### RECORDS SHOWN
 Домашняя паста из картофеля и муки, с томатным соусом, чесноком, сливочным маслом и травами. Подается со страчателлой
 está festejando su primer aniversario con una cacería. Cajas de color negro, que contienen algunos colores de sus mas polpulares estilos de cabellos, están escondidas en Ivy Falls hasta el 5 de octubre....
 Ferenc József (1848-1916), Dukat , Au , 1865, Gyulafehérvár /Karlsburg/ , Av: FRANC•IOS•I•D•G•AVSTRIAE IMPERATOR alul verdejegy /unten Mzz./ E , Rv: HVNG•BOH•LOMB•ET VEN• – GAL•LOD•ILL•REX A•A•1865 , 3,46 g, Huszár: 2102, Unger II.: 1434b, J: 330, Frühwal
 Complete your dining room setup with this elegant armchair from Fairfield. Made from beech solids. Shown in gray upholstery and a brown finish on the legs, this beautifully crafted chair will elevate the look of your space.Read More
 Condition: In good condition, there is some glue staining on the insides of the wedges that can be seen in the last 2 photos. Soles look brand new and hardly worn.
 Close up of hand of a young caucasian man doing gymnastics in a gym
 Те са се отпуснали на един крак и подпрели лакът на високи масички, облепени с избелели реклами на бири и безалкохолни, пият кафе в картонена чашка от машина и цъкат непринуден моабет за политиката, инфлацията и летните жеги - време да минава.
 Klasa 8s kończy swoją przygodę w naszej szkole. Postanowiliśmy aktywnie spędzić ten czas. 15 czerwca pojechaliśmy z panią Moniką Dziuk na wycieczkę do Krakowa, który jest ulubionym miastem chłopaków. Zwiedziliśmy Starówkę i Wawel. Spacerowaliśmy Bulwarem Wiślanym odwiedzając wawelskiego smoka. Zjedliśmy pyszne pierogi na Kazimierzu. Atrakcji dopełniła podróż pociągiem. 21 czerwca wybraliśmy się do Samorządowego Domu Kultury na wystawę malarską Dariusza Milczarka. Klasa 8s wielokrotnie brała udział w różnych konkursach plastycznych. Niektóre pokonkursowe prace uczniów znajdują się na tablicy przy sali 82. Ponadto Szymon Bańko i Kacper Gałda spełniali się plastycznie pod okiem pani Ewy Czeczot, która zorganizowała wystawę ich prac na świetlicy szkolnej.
==
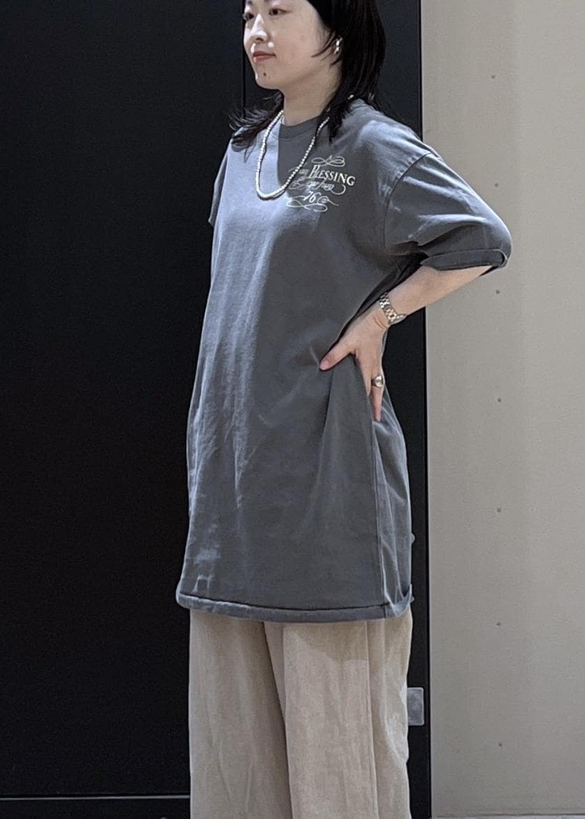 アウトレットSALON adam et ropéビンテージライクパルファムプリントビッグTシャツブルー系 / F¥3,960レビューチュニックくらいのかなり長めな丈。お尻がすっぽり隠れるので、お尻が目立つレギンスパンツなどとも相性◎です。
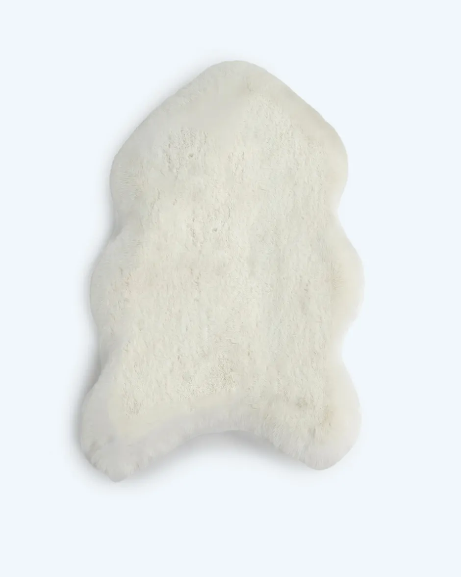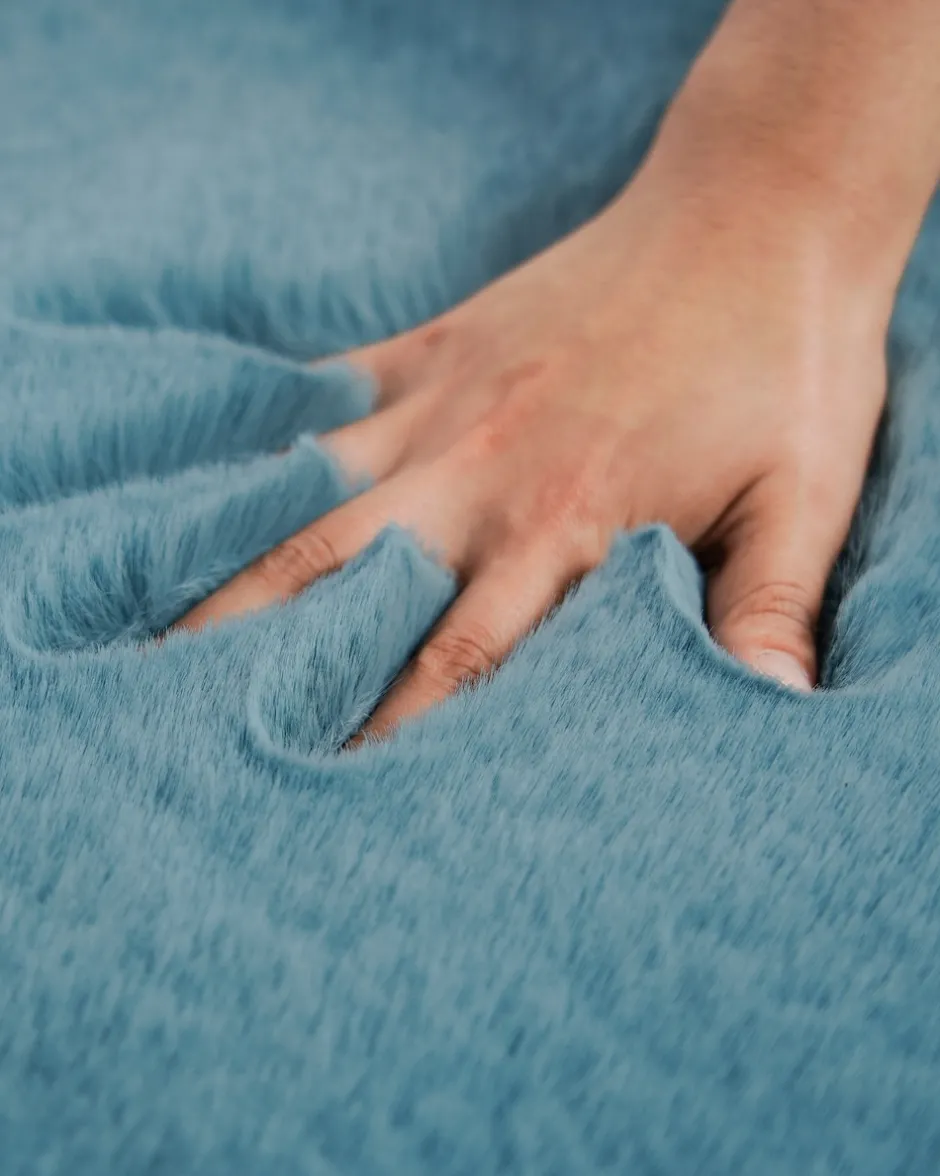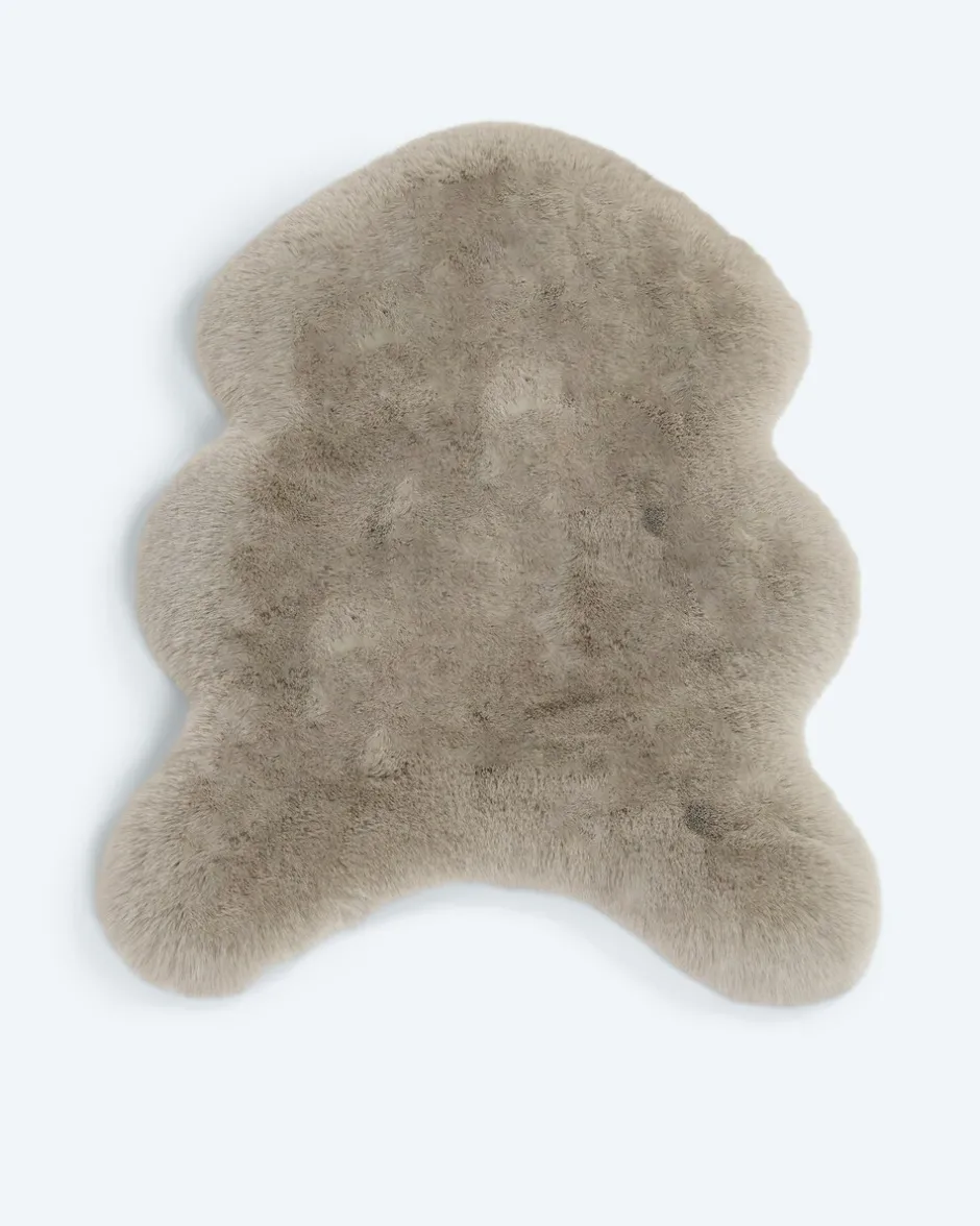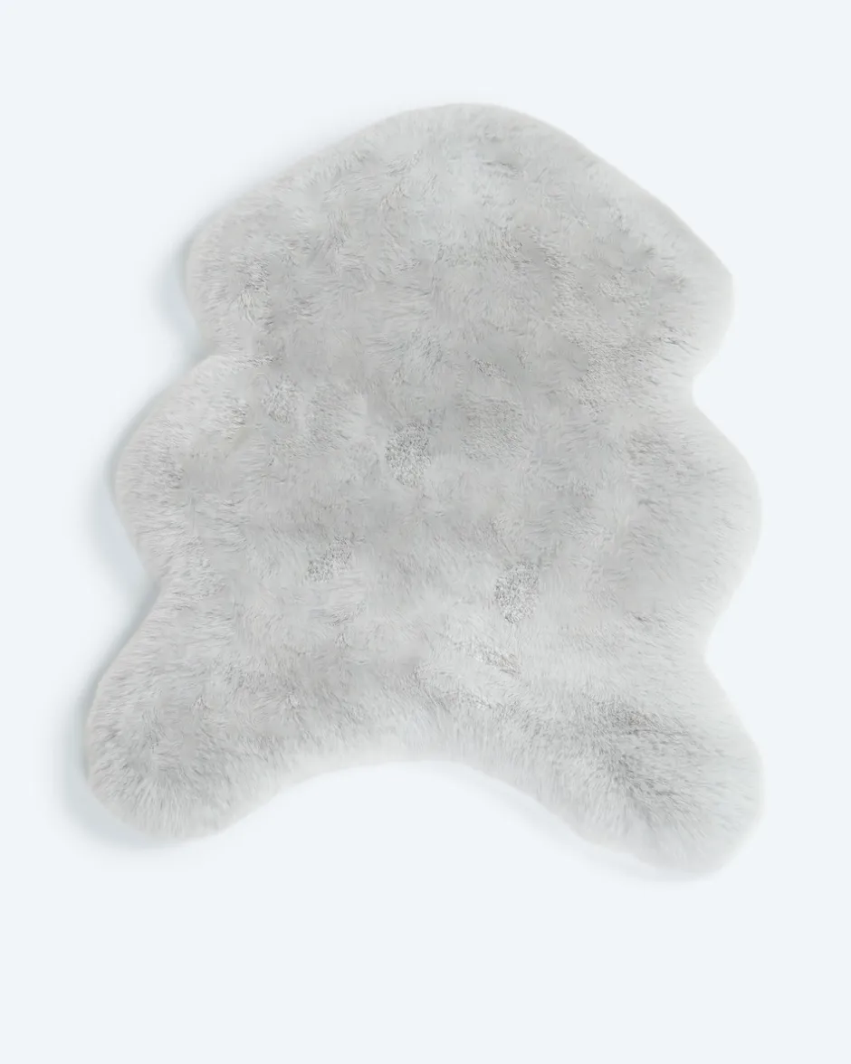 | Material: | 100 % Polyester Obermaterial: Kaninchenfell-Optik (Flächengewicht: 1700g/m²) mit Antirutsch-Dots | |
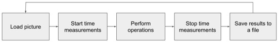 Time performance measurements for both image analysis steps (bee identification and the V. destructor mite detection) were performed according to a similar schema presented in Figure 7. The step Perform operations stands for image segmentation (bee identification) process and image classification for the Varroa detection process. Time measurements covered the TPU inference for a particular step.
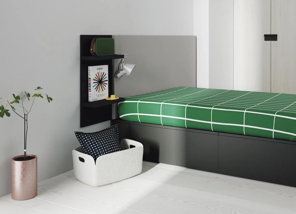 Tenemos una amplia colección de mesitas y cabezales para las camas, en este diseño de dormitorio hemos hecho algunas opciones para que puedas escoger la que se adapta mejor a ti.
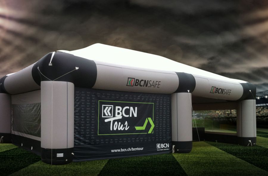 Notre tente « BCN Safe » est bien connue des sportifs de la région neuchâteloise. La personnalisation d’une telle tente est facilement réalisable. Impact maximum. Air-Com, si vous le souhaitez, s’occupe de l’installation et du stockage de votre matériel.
...
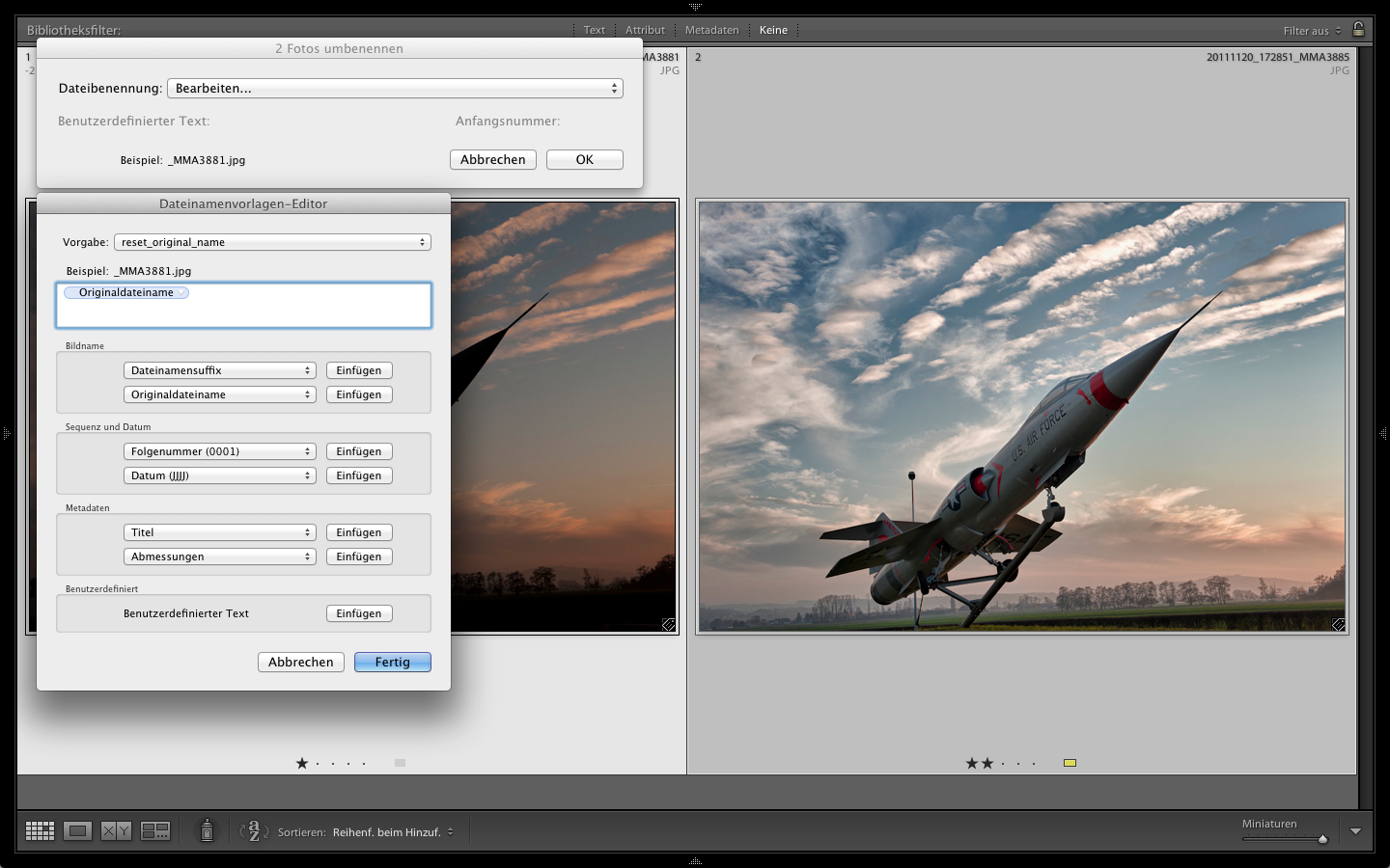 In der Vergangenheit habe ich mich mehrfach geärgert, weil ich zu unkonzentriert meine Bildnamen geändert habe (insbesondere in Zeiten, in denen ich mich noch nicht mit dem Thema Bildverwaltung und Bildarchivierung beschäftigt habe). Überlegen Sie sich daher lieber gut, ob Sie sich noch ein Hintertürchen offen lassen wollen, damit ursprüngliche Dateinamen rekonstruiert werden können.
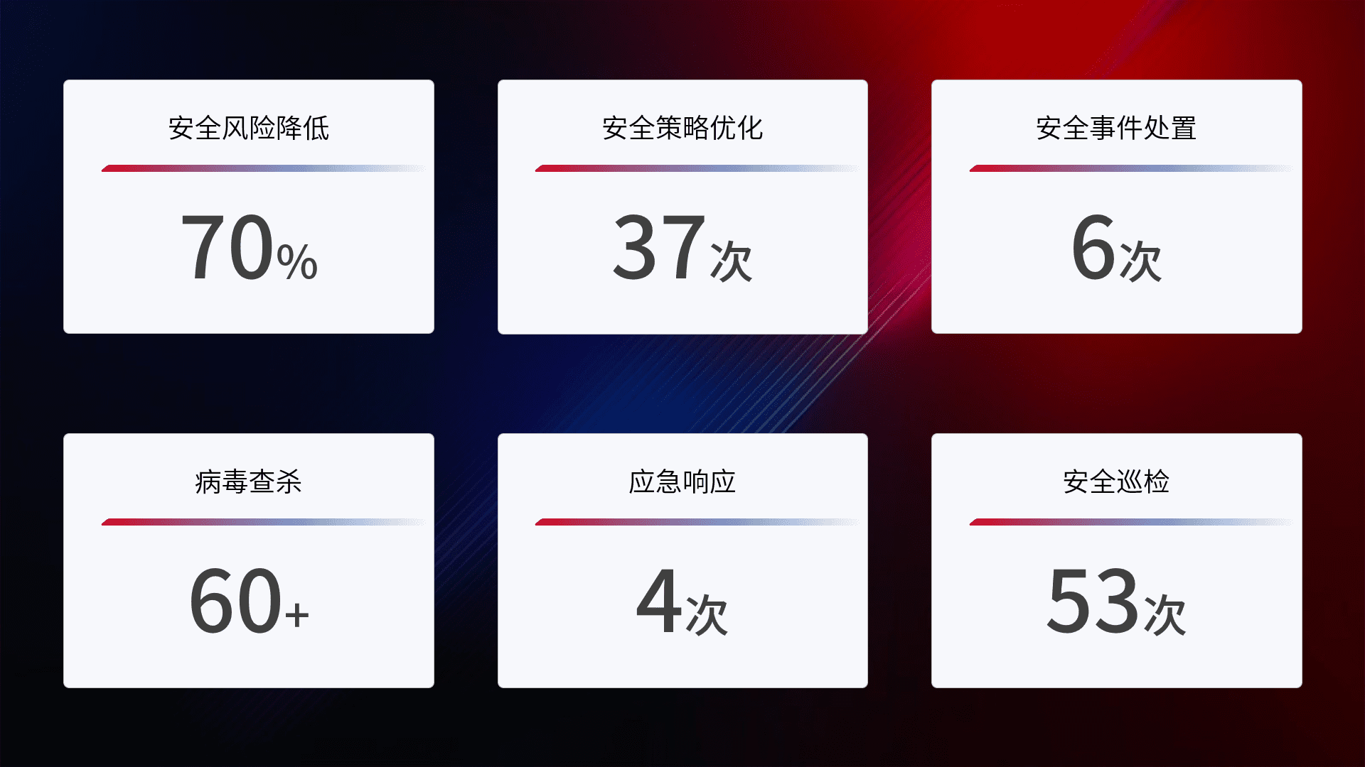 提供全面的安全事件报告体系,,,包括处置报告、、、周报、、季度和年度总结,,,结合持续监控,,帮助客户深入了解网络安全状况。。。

### ABOUT THIS TASK
Working from the records above, set down word for word everything from the line containing "アウトレットSALON adam et" down to the line containing "Time performance measurements", ends included, minus the pictures.

### ANSWER BOX
 アウトレットSALON adam et ropéビンテージライクパルファムプリントビッグTシャツブルー系 / F¥3,960レビューチュニックくらいのかなり長めな丈。お尻がすっぽり隠れるので、お尻が目立つレギンスパンツなどとも相性◎です。
 | Material: | 100 % Polyester Obermaterial: Kaninchenfell-Optik (Flächengewicht: 1700g/m²) mit Antirutsch-Dots | |
 Time performance measurements for both image analysis steps (bee identification and the V. destructor mite detection) were performed according to a similar schema presented in Figure 7. The step Perform operations stands for image segmentation (bee identification) process and image classification for the Varroa detection process. Time measurements covered the TPU inference for a particular step.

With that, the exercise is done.